Lutz · Post by **Lutz** » Mon Aug 20, 2007 2:42 pm

The use of an arrray for counting is an important step, even more so when using a few hundred or thousand elements in the counting array.

There is another 2 modifications to get it another 20% faster using 'unpack' to create a vector of ASCII numbers from the string, and using a feature of 'nth-set', which gives the old contents in $0

Code: Select all

(define (count-chars str , nums chars c)
  (set 'chars (array 128 (dup 0 128)))
  (set 'nums (unpack (dup "c" (length str)) str))
  (dolist (c nums)
       (nth-set (chars c) (+ $0 1)))
  chars)

Lutz

Jeff · Post by **Jeff** » Mon Aug 20, 2007 3:04 pm

I get another 18% beyond that using only unsigned integers ("b" instead of "c"). Thanks! This is getting pretty fun :)
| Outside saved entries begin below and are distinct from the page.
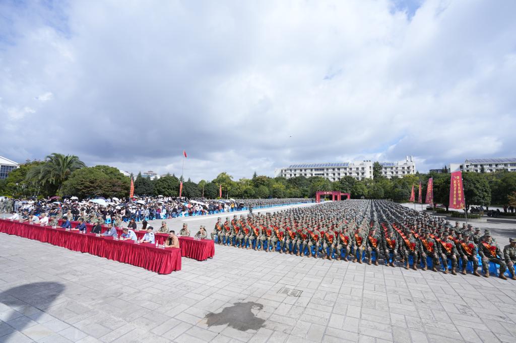 学校党委副书记、校长丁文丽出席仪式,区人武部上校政委王涛主持。辖区6所高校、滇中新区、经开区武装部负责人、12个街道负责人,接兵部队代表,新兵家长,军训新生4000余人参加了新兵出征仪式。
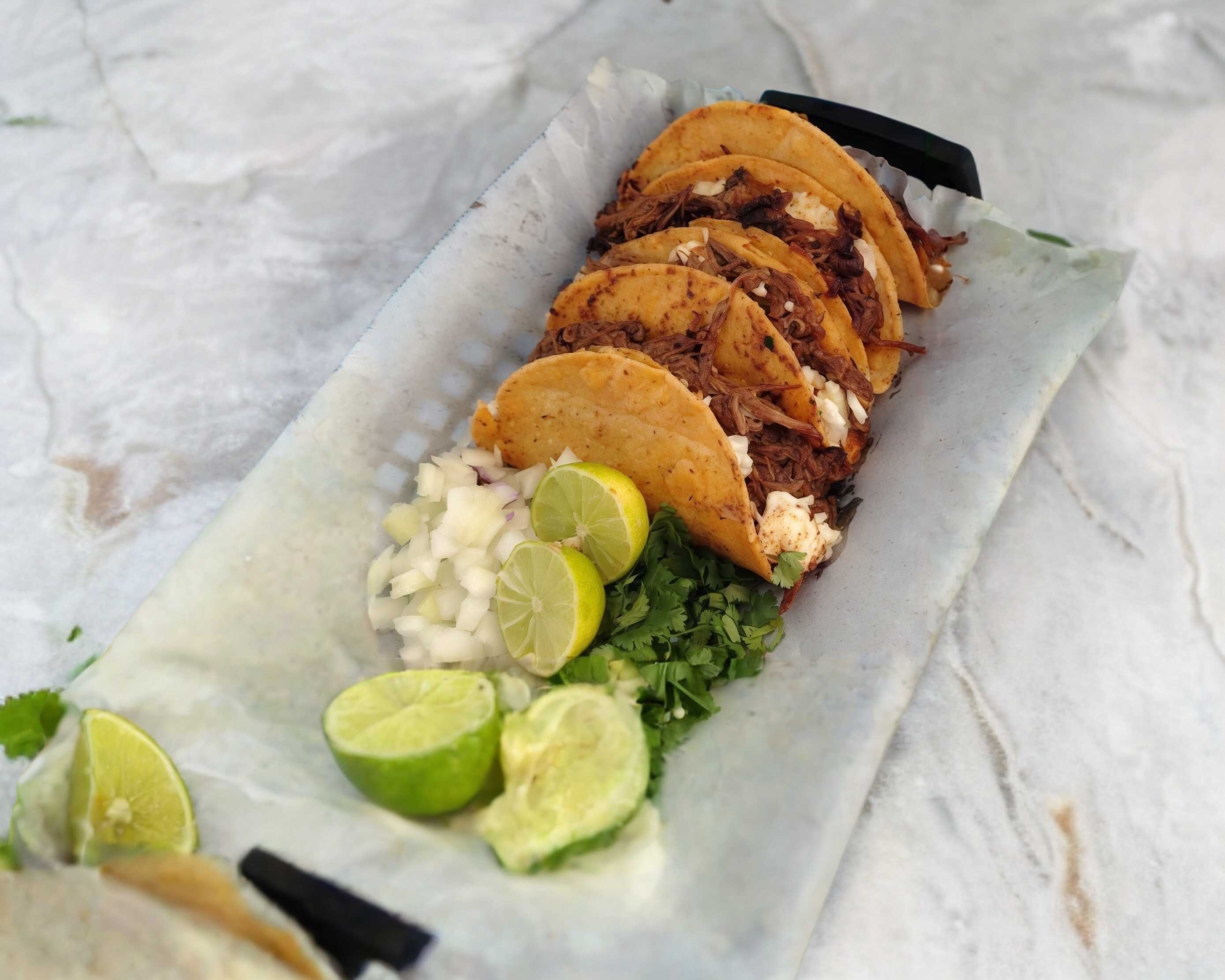 Cuatro tacos de birria, acompañados de un consomé, verduras y limón
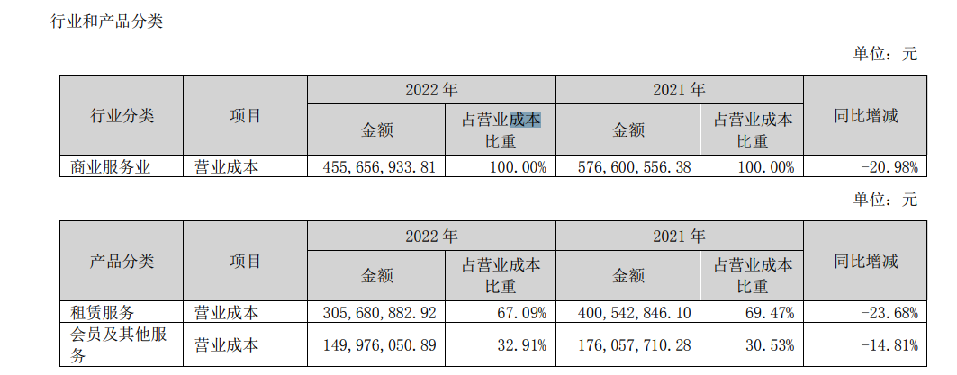 从营业成本构成来看,2022年商业服务业营业成本为4.56亿元,同比降20.98%;分产品来看,租赁服务营业成本为3.06亿元,同比降23.68%;会议及其他服务营业成本为1.5亿元,同比降14.81%。
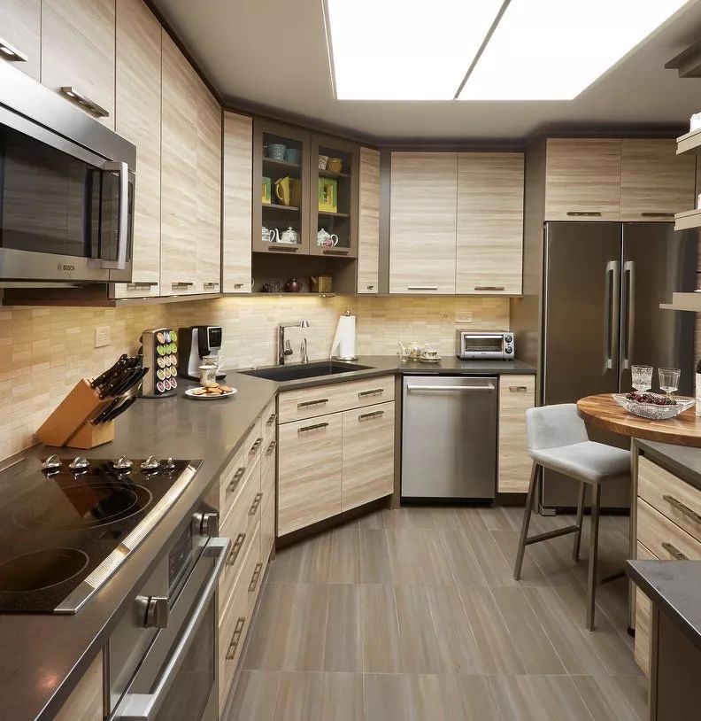 U型櫥柜就是在面積比較大的戶型里會常見了,因為有2個拐角,操作臺的空間也大了,適合2-3人一起做飯,這樣家里人多做飯的效率也提高了。
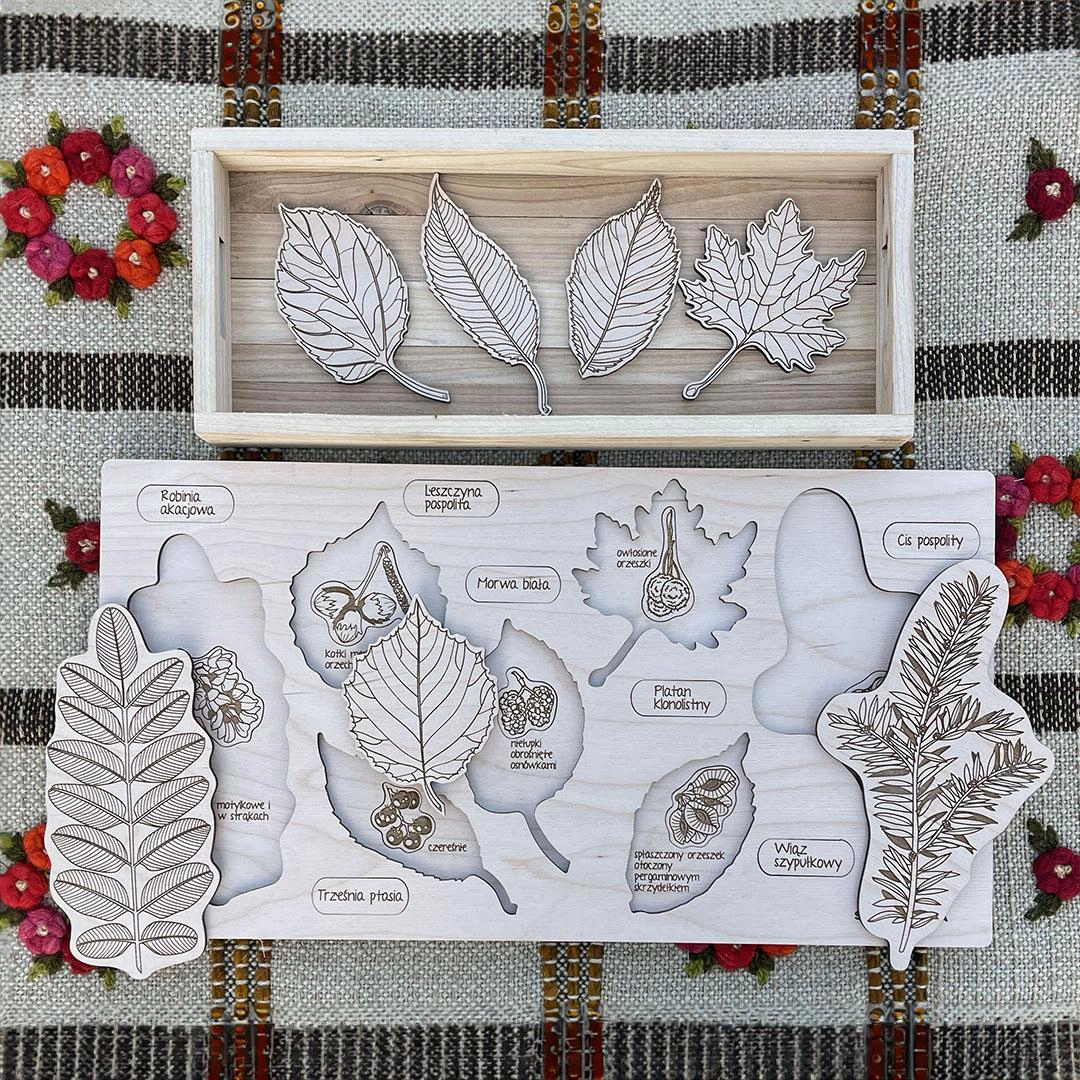 Układanka składa się z 21 puzzli, ramki oraz okładki. Z jednej strony znajdują się liście drzew, z drugiej odpowiadające im owoce – zadaniem dziecka jest dopasowanie ich w odpowiednie miejsca. Ta wersja pozwala nie tylko poznać wygląd drzew, ale także uczy nazw gatunków, porównywania kształtów, rozwija analizę i syntezę wzrokową. Puzzle wykonano z naturalnego drewna i pokryto bezpiecznym lakierem – są solidne, trwałe i przyjazne w dotyku.

Lutz · Post by **Lutz** » Wed Aug 29, 2007 8:59 pm

The rewritten 'count in 9.2.1 is about 3-4 times faster than before when counting 100 in 1,000,000 elements. On the 'war_and_peace.txt' character count about 30% faster on a Core Duo 2 1.8Ghz when testing against counting with 'unpack and char-indexed 'array, and of course a lot easier to code.

Code: Select all

(set 'str (read-file "war_and_peace.txt"))
; old way on 9.2.0
(set 'cnts (array 128 (dup 0 128)))
(dolist (i (unpack (dup "b" (length str)) str)))
	(nth-set (cnts i) (+ $0 1)))

-> 1270 ms

; using count on 9.2.1
(count (sequence 0 127) (unpack (dup "b" (length str)) str))

-> 812 ms

Lutz

Jeff · Post by **Jeff** » Wed Aug 29, 2007 11:36 pm

Wow! Where can I get some of that?! Thanks a bunch, Lutz. It's nice to work in a language where the author takes a personal interest in how the language is used.